Experiment One
Pesticide type explained 43 percent of the variation in Bi. glabrata biomass (Table S4), whereas most of the variation in Bu. truncatus biomass (35 percent) was explained by pesticide identity nested within class nested within type (Table S4). Likelihood ratio tests determined that the above pesticide effects were significant for both snail species (Table S5). Model selection favored using pesticide type and pesticide nested within class within type for Bi. glabrata and Bu. truncatus biomass, respectively, and the lowest AICc values included a term for zero-inflation and treating water and solvent as a single control group for both snail species (Tables S6-S7). Model selection (Table S6) indicated significant positive fertilizer effects (bottom-up) on Bi. glabrata biomass (Fig. 1a; Table 1). In contrast, bottom-up effects of herbicides for Bi. glabratabiomass were generally not significant in the presence of predators (Table 1; p > 0.05). Insecticides were associated with positive top-down effects on Bi. glabrata biomass (Fig. 1a; Table 1). Similar to Bi. glabrata , fertilizers had significant positive bottom-up effects for Bu. truncatus biomass, after model selection (Table S7), while none of the six herbicides were significantly associated with Bu. truncatus biomass in the presence of predators (Fig. 1b; Table 1). Similar to Bi. glabrata , insecticides were associated with positive top-down effects on Bu. truncatus biomass (Fig. 1b). Four insecticides led to significant increases in average Bu. truncatus biomass relative to the controls (chlorpyrifos: 55% increase, terbufos: 36%, esfenvalerate: 28%, and permethrin: 61%), while one insecticide from each insecticide class had no significant effects (malathion and λ-cyhalothrin both changed average biomass by < 10%).

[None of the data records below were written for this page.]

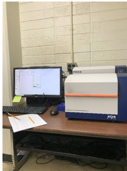
The FOSS NIRS scanning machine at the Forage and Range Research Lab, USDA ARS in Logan Utah, that predicts forage quality components.

There are close to one million acres of native pasture and forestlands in Santa Barbara County, which are collectively referred to as rangelands. Comprising approximately half of the acreage of the County, these lands provide opportunity for multiple purposes. Rangelands serve as watersheds to capture, store, and release water for downstream uses; they provide forage for grazing by livestock; and their diverse plant communities provide habitat for many species of wildlife and recreational uses. The UC Cooperative Extension Watershed and Natural Resource Program provide educational programs to inform people who own and/or manage the land and the animals grazing these lands. This work also includes applied research to develop new knowledge to effectively and efficiently manage rangelands and livestock in today's competitive and regulatory environment.
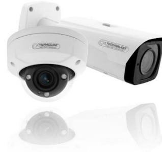
CyberVigilant® in Camera
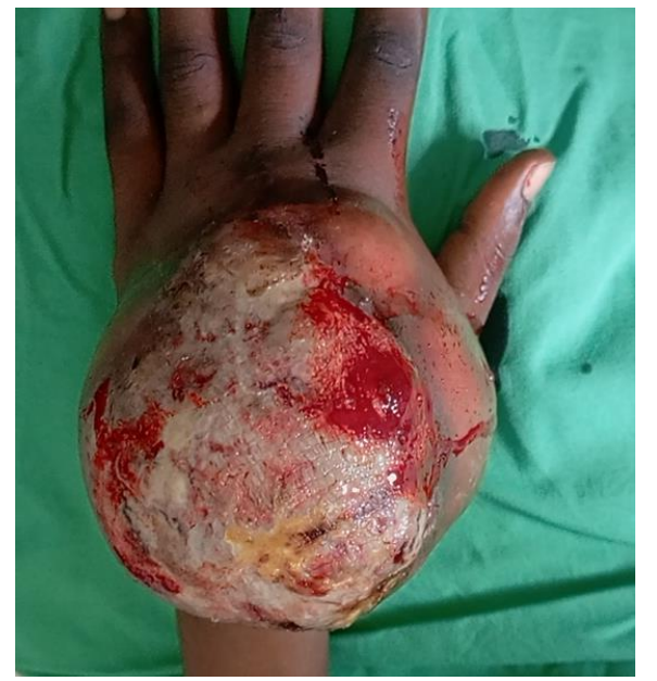
Figure 1: The gross image of the ulcerated- bleeding tumor on the dorsum of the left hand

Physical examination revealed an ulcerated, fixed and firm mass with unclear marginal of about 23 by 20 by 8 cm occupying the whole dorsum of left hand extending just above the left wrist joint to the metacarpopharyngeal joints. The overlying skin was shiny, smooth and had an ulcer of 10cm by 8cm which was non-tender and bled easily on touch (Figure 1). Flexion of the left metacarpo-pharyngeal joints were limited. No palpable axillary lymph nodes.

Structural equation modeling (SEM) was consistent with the above relationships (Fig. 2). The final SEM was a good fit for Bu. truncatus (CFI = 0.99, χ2 = 15.25, df = 26, p = 0.95; Table S8) and Bi. glabrata (CFI = 0.99, χ2 = 28.04, df = 26, p = 0.36; Table S9). The SEM model for Bu. truncatus suggested positive and indirect top-down effects of insecticides on snail biomass by lowering 24 hr crayfish survival, which lowered final crayfish abundance (Fig. 2). Fertilizer increased both phytoplankton and periphyton chlorophyll a, the latter of which had positive but non-significant effects upon snail eggs and biomass (Table S8). Instead, significant positive bottom-up effects of fertilizer occurred via increasing submerged vegetation, which increased both snail eggs and biomass (Fig. 2). The sum of standardized coefficients of indirect pathways from fertilizer to snail eggs or biomass was over an order of magnitude greater via submerged vegetation than via periphyton chlorophyll a alone. Submerged vegetation was reduced by crayfish via consumption, which also formed a significant and negative indirect pathway from crayfish predators to snail eggs or biomass that was independent of crayfish predation on snails (Fig. 2). Thus, insecticide-induced reductions in crayfish were positively associated with snails both by reducing predation and increasing snail habitat. The significance and direction of pathways in the SEM model for Bi. glabrata were identical to Bu. truncatus except that both snail eggs and submerged vegetation pathways were negative for Bi. glabrata biomass (Table S9). Bi. glabrata biomass at the end of the experiment was also approximately an order of magnitude greater than for Bu. truncatus (Table S10).